:: SUPPLIED DATA ::
=== Section Start ===

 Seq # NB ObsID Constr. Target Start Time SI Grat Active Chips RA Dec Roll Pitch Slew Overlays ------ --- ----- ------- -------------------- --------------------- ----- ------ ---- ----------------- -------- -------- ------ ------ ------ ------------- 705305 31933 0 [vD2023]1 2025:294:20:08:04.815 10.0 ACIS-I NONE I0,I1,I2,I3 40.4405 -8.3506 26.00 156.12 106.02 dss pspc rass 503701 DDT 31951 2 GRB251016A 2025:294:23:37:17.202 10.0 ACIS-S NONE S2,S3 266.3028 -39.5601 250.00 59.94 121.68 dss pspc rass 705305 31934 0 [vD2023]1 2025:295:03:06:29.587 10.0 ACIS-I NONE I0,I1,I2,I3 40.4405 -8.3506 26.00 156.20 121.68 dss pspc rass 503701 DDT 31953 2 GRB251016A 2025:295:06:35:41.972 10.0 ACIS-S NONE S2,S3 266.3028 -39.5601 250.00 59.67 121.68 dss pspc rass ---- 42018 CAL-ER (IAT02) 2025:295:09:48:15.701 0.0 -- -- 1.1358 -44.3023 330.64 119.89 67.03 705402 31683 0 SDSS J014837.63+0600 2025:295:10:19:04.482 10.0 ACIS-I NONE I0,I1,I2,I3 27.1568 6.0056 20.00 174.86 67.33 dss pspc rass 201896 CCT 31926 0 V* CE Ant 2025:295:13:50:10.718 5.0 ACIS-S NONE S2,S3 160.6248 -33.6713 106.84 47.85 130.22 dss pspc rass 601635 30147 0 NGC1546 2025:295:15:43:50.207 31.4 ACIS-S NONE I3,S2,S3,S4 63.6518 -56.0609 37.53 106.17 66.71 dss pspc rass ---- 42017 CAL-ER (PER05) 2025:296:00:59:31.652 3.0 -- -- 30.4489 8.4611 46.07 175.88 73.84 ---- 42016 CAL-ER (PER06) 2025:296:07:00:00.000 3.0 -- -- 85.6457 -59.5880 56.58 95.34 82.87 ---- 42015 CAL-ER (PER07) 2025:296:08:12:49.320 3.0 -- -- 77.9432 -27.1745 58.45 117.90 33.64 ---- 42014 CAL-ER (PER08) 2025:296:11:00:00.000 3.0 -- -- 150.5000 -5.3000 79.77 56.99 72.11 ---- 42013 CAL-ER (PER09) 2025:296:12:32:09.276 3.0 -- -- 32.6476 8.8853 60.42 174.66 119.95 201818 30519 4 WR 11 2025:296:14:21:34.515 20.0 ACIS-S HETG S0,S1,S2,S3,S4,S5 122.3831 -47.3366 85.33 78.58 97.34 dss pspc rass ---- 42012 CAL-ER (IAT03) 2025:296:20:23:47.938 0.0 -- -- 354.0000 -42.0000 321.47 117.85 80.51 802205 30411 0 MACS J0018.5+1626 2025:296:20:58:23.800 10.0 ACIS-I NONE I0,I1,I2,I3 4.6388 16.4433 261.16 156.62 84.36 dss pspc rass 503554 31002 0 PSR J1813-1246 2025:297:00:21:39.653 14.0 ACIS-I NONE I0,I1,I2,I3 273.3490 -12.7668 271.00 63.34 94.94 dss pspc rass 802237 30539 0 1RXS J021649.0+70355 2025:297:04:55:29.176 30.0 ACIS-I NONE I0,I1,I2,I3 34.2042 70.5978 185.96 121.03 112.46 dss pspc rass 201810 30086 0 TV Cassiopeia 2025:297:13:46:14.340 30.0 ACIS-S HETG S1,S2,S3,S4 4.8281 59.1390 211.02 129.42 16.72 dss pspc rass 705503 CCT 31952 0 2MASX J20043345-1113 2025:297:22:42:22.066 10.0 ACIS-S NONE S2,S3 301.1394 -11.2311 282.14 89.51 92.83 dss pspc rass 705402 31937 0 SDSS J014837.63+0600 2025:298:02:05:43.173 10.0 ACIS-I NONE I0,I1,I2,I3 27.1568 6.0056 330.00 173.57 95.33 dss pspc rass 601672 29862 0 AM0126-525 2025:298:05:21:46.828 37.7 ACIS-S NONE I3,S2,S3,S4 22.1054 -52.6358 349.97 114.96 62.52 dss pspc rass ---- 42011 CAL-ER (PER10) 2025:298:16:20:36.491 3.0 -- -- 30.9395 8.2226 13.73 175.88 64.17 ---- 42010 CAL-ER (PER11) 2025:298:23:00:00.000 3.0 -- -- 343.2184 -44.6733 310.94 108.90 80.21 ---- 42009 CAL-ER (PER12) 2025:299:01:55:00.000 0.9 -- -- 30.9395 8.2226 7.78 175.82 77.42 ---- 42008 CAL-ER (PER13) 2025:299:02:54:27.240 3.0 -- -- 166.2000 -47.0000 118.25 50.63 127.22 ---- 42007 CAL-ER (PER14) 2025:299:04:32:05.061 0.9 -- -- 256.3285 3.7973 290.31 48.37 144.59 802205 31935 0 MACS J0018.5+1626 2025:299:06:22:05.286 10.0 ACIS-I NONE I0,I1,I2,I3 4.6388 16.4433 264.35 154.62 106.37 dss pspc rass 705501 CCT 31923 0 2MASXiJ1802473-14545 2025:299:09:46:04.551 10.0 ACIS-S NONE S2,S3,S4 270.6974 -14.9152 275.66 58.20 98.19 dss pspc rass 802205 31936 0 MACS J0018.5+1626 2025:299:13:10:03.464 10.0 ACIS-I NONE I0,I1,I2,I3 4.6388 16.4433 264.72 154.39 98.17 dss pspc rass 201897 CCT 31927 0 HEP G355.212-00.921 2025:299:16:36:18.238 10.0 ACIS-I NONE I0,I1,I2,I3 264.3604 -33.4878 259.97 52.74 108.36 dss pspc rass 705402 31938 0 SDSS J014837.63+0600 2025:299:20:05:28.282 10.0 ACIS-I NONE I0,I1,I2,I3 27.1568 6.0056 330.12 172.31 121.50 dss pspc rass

=== Section End ===
=== Section Start ===

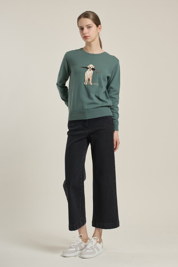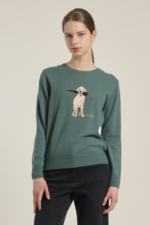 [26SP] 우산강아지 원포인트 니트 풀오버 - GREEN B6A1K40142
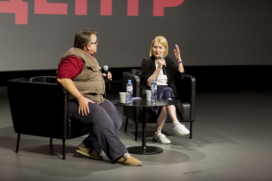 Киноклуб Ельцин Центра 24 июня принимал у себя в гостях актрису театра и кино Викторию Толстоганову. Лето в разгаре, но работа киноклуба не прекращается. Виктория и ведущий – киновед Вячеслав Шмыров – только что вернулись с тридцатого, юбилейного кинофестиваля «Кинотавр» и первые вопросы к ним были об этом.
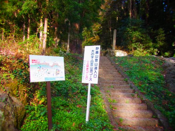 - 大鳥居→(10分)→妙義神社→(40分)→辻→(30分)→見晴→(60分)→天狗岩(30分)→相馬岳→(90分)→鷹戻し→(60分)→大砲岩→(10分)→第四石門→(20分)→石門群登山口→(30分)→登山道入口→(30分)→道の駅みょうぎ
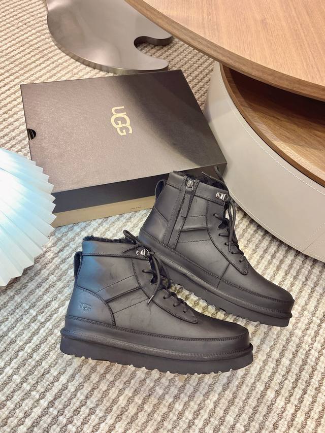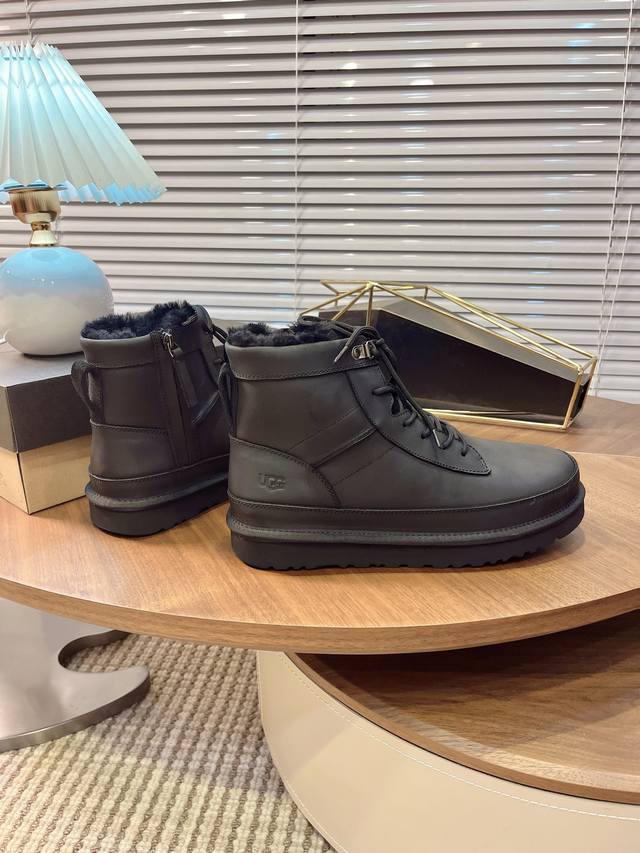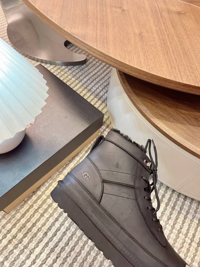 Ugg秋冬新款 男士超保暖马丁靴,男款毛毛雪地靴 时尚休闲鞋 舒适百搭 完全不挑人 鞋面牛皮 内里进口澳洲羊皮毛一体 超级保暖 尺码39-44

=== Section End ===
=== Section Start ===

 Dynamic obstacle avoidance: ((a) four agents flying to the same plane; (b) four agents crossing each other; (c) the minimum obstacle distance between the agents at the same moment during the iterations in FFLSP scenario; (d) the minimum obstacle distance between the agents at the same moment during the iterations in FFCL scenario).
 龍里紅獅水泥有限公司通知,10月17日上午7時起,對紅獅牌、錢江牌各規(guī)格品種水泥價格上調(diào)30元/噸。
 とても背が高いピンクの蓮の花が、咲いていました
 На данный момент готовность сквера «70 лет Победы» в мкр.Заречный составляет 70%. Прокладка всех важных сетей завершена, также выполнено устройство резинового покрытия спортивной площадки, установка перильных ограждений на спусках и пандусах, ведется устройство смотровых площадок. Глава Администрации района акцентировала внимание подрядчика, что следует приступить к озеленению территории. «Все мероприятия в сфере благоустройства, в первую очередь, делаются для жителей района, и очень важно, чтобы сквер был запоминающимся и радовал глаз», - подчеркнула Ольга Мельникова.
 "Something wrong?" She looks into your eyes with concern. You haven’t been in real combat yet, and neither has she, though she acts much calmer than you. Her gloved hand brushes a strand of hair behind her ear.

=== Section End ===

:: EXERCISE ::
Output the lines of the records above exactly as they appear, from the line containing "龍里紅獅水泥有限公司通知,1" through the line containing "とても背が高いピンクの蓮の花が、咲いていました".

:: ANSWER BOX ::
 龍里紅獅水泥有限公司通知,10月17日上午7時起,對紅獅牌、錢江牌各規(guī)格品種水泥價格上調(diào)30元/噸。
 とても背が高いピンクの蓮の花が、咲いていました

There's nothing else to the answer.